Blue indicates the expected position of identifiers len, ch_id, pak_id, proc_id (Recall text log: 792308: Jan 22 16: 30: 42.458: len = 172, ch_id = 1, pak_id = 143, proc_id = 0, <== Payload :), the orange value in the parsed packets matches ch_id.

The value 172 = 0xAC, located at offset 0x48, corresponds to the size of the data portion from this offset to the end of the packet.

However, we are left with an unidentified array of bytes containing service information at the very beginning of the file. It is necessary to identify patterns, otherwise the solution cannot be considered acceptable.



Two zero-terminated lines are found containing text information about the router (shown in yellow-green color in the figure):

1) text 28.3.14 (corresponds to DSPWARE VERSION from the output of the show voice dsp detail command) is at offset 0x5 from the beginning of the file;

2) text C2800NM-ADVENTERPRISEK9-M, 15.1 (4) M10, IP | SLA | IPv6 | IS-IS | FIREWALL | VOICE | PLUS | QoS | HA | NAT | MPLS | VPN | LE) is offset 0xC0 from the beginning of the file .

You can also try to find in this file any particular values ​​related to a specific router (such as MACs and serial numbers) or a packet (CRC). In the meantime, we should not go into research, since these data are of no particular interest to us.

At offset 0x42, the file contains the word 01 24, and at offset 0x0124 the first voice packet begins. This could be a coincidence, but checking on a number of files allows us to conclude that the pattern is confirmed for all files and packages in them. This is also true for the unknown purpose and content of packages that clearly do not contain voice.

So, the voice packet structure:

 packet_sign [0x00] 0x04   00 00 00 00 UNKNOWN [0x04] 0x3E  packet_size [0x42] 0x02  UNKNOWN [0x44] 0x04   00 00 00 00 len [0x48] 0x02  ch_id [0x4A] 0x02  pak_id [0x4C] 0x02  proc_id [0x4E] 0x02  UNKNOWN [0x50] 0x02   00 07 stream_id [0x52] 0x02  R_in 00 00 S_in 00 01 S_out 00 02 raw_data [0x54] 0xA0  

Armed with the above, anyone who wishes can write a program in their favorite programming language, forming files from the DAT file that contain a voice — at least RAW — for later import into the audio editor and process, even though WAV.

Total

Of course, this is only a private decision that does not claim to be complete. For example, when using codecs other than G.711, it will be significantly more difficult to identify and unpack audio data. Other side effects will certainly appear. For these reasons, I do not publish the code with which the automation of input data processing was achieved.

These assumptions allowed us to easily separate the PCM data file obtained by dial-pin and containing several simultaneous conversations with different ch_id. Thanks to this, we managed to track down and identify the problematic DTMF, which was all the reason.
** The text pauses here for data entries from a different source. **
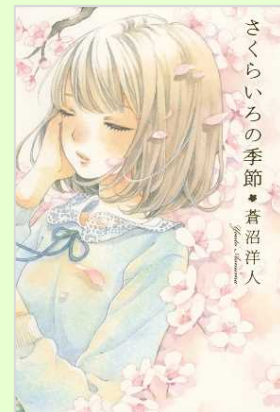
『さくらいろの季節』 (蒼沼洋人／著 ポプラ社)

どこの学校でも起こりそうなことから発展した、いじめや人間関係について描かれています。描写がかなり生々しいので、実際に目の前でこんなことが起こったら…と考えさせられました。
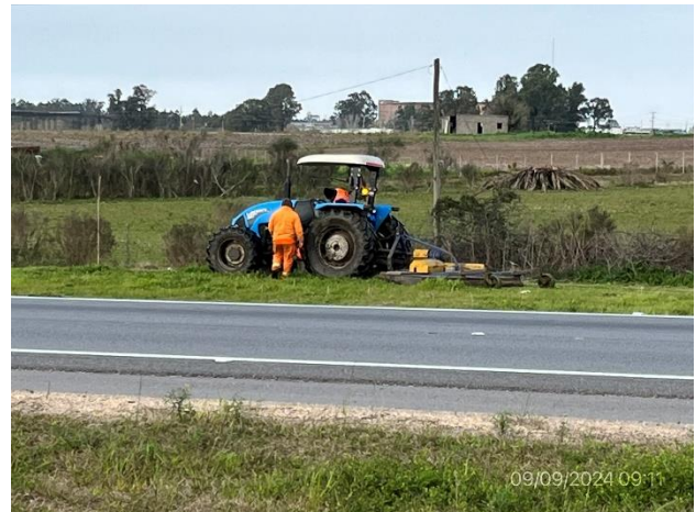
Foto 12.1-4, P05. Mantenimiento de áreas verdes en ejecución. Faja pública en buenas condiciones de limpieza.
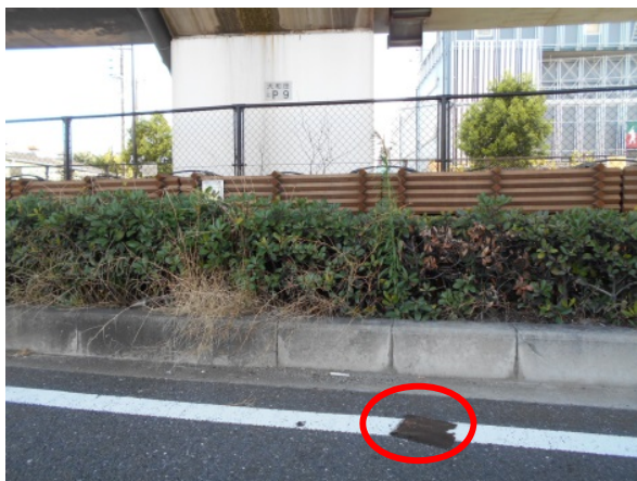
【7月20日(水)発見】 落下した鉄板 200mm × 225mm × 6mm
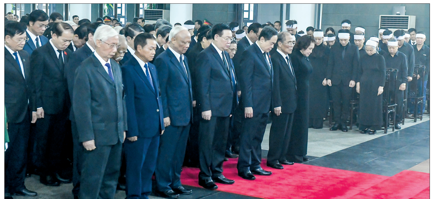
Đoàn Quốc hội nước Cộng hòa xã hội chủ nghĩa Việt Nam do đồng chí Trần Thanh Mẫn, Ủy viên Bộ Chính trị, Chủ tịch Quốc hội làm Trưởng đoàn viếng Tổng Bí thư Nguyễn Phú Trọng.
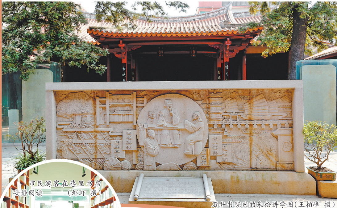
石井书院内的朱松讲学图
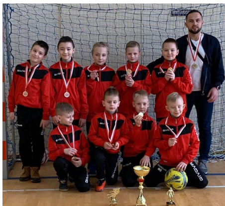
Drużyna żaków na turnieju w Brańsku
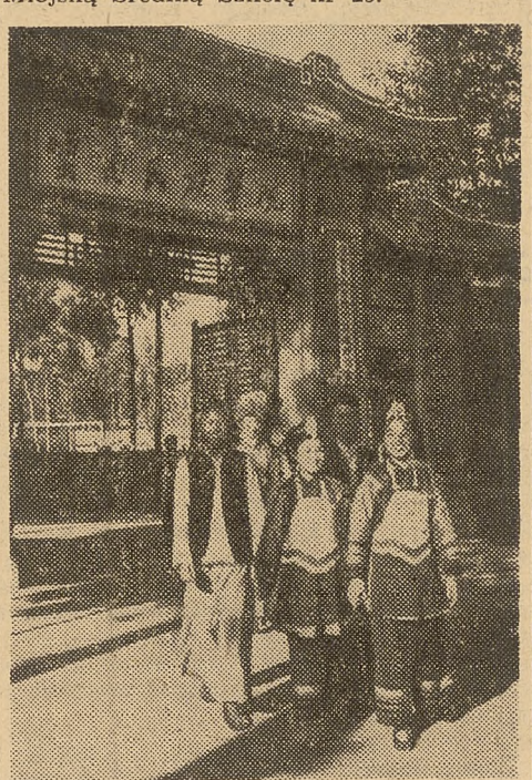
Młodzież różnych narodów zamieszkujących Chiny ma możliwość uczyć się w języku ojczystym

Ilość pomocy naukowych w laboratorium biologicznym w porównaniu z okresem przed wyzwoleniem zwiększyła się o połowę. Przy szkole wybudowano piastarnię i cieplarnię. W 1953 r. Wydział Oświaty przyjął pod swój zarząd średnią szkołę „Jujiń”, została ona przemianowana na Miejską Średnią Szkołę nr 25.
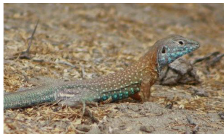
29 Dicrodon guttulatum (M) TEIIDAE IW
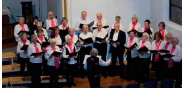
Ås Seniorkor i Ås kirke.
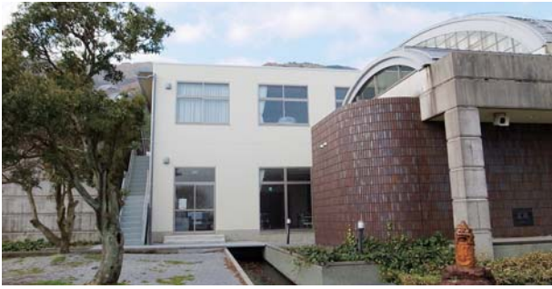
平成24年8月に増築した総合体育館トレーニング室

池田町では、年2回（8月・2月）、予算などの財政状況を公表しています。これは皆さんが納めた税金や地方交付税、国や県からの補助金などの大切なお金がどのように使われているか、また借入金はいくらあるかなどをお知らせし、町民の皆さんにご理解いただくこととするものです。 今回は平成24年4月から平成24年9月末日までの上半期分を紹介いたします。
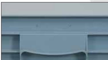
Pega fechada 800 x 600.

nº art.: 3 - 203 - 0 pega fechada nº art.: 3 - 203 - 0 R material reciclado
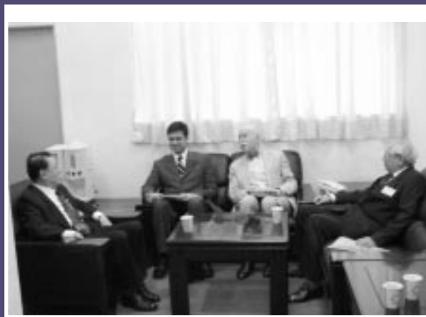
■開幕前交換意見，左起林永謀大法官、美國在台協會丁安德主任、孔傑榮教授、翁岳生院長。
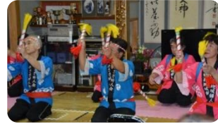
「音楽いべんと」での地元陣太鼓演技の様子
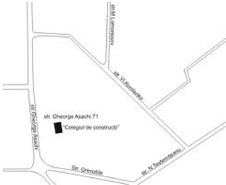
Булиця «Г. Асакі» (Ясси, Румунія) Strada „G. Asachi” (Iași, România)

In addition, as it turned out, the Chinese GSM gateway was connected via SIP via the SIP. Subscribers of PBX heard tones only when calling through this gateway. It was possible to identify that the gateway, on which RFC2833 is enabled, transmits strange (it is not quite clear where they come from - whether they are generated by the gateway itself, or come from the operator’s network, but not from the remote subscriber) the packets that the router (on which in turn, RFC2833 is also included) it perceives as RTP NTE, after which it sends to the stream a full tone that PBX subscribers hear and for the detection of which all the manipulations that formed the basis of this material were done.
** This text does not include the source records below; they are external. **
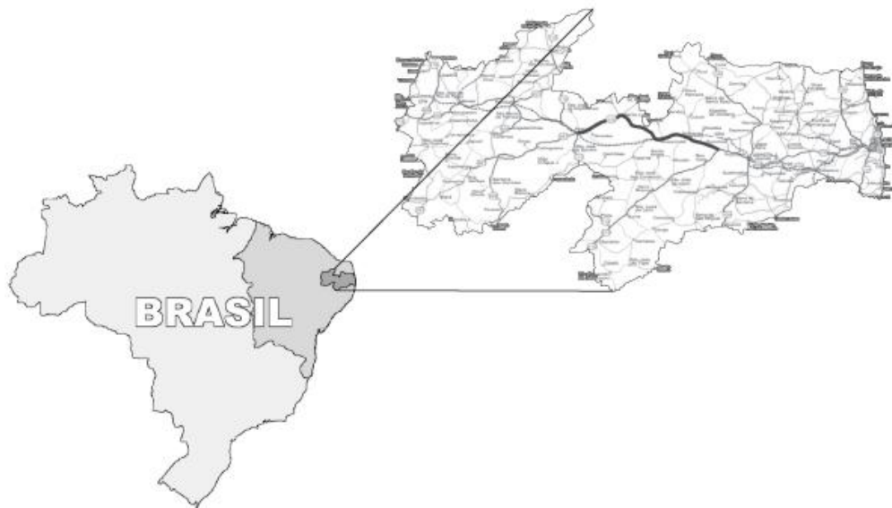
Figura 1. Localização do trecho da Rodovia BR-230 objeto do estudo, conforme destaque no mapa da Paraíba.

A população pesquisada foi constituída por 31 produtores rurais responsáveis pelas áreas de produção agrícola localizadas nas faixas de domínio da Rodovia BR-230 no trecho avaliado. A seleção dos indivíduos para compor o estudo foi realizada de forma aleatória não probabilística de acordo com a conveniência, uma vez que foram entrevistados todos os produtores que estavam presentes nas áreas de produção no momento da pesquisa. Dessa forma, a amostra foi composta por 11 produtores que eram responsáveis por 12 das 32 áreas de produção, o que equivale a 35,48%. Um dos produtores era responsável por duas áreas produtivas.
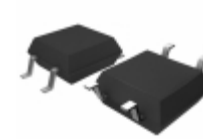
BU4828F-TR Rohm Semiconductor IC VOLT DETECTOR 2.8V SOP4
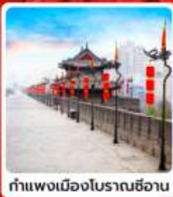
กำแพงเมืองโบราณซีอาน
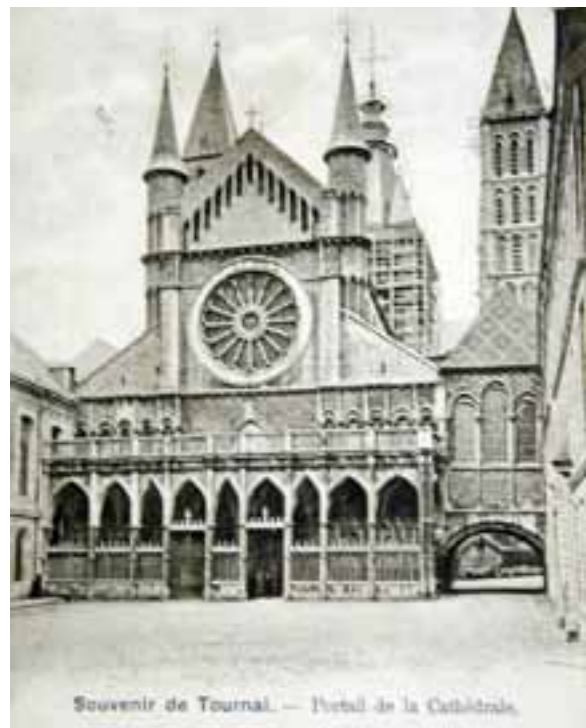
Des témoignages illustrés ont guidé la réalisation du dessin géométrique de la nouvelle toiture de la chapelle Saint-Louis. Cette carte postale date d'env. 1902.

Ce choix a été fait suite à la découverte sur place par l'archéologue du bâti du Département du patrimoine, de tuiles plates de différentes couleurs tirant sur le brun, le rouge, le vert et le jaune.
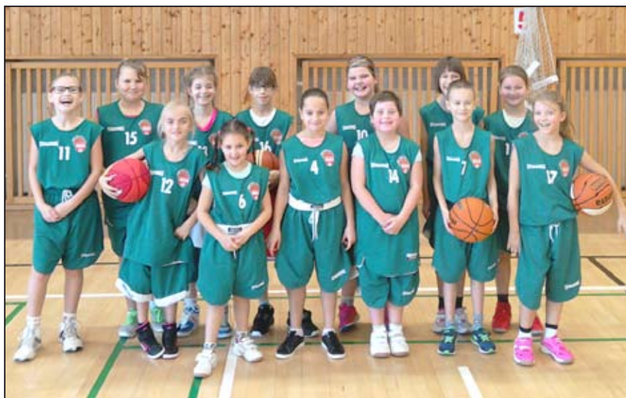
Naši nejmladší košíkáři
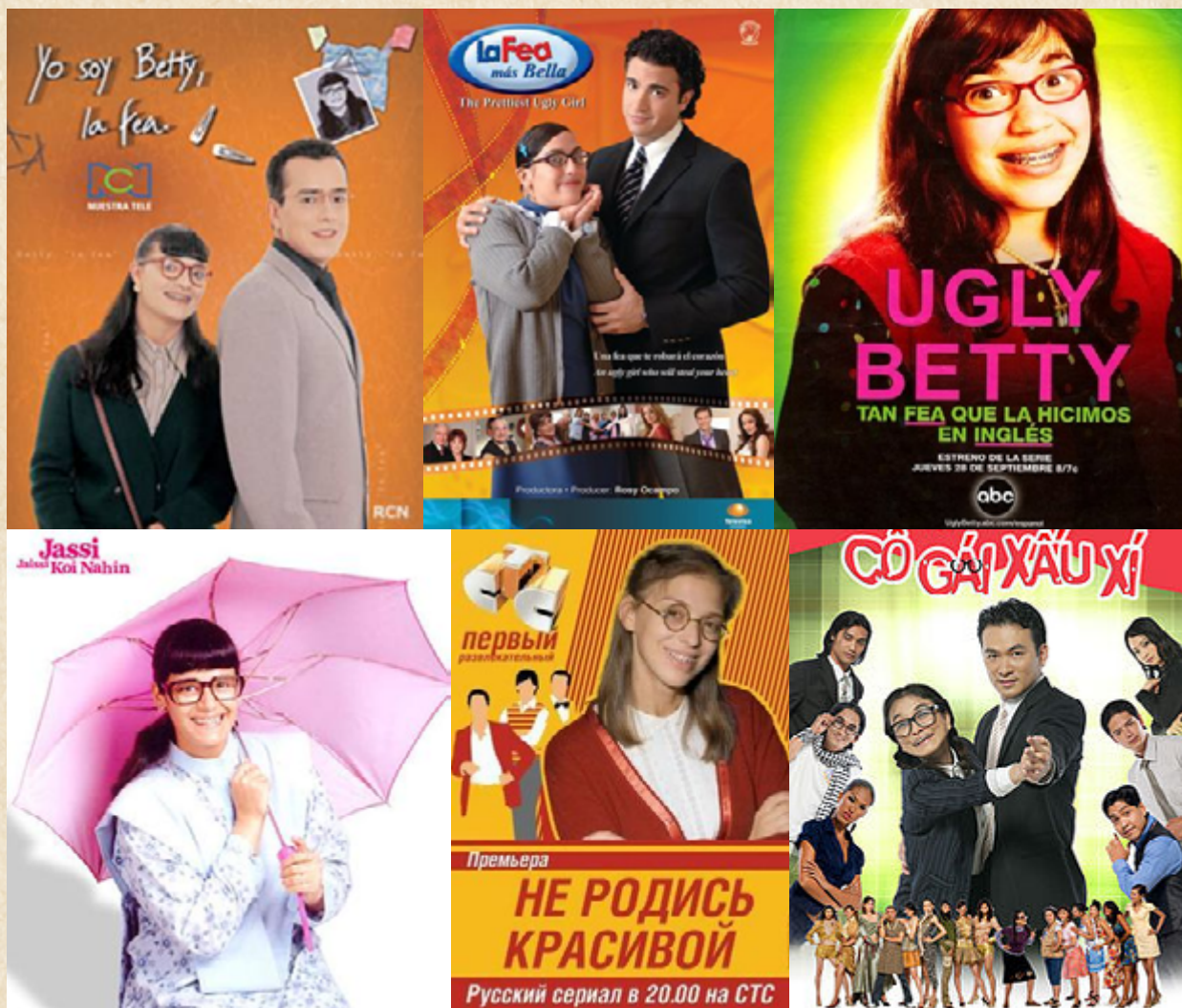
Yo soy Betty, la fea (RCN, 1999-2001) es catalogada como la novela más exitosa a nivel mundial. Se realizaron más de 20 adaptaciones una vez finalizada su emisión en Colombia.

Teniendo en cuenta estos factores, el contexto de la televisión colombiana y la comunidad de amantes del automovilismo en el país, se considera que HERMES es un proyecto viable.

Since the gateway, due to its marginal cheapness, does not allow collecting debugging information and it was not possible to establish the degree of its fault, the gateway firmware was updated to the latest version just in case. It did not help, the signal continued to appear. Next, the gateway was switched to SIP INFO mode (on Cisco ISR routers, this mode is always enabled). No complaints yet.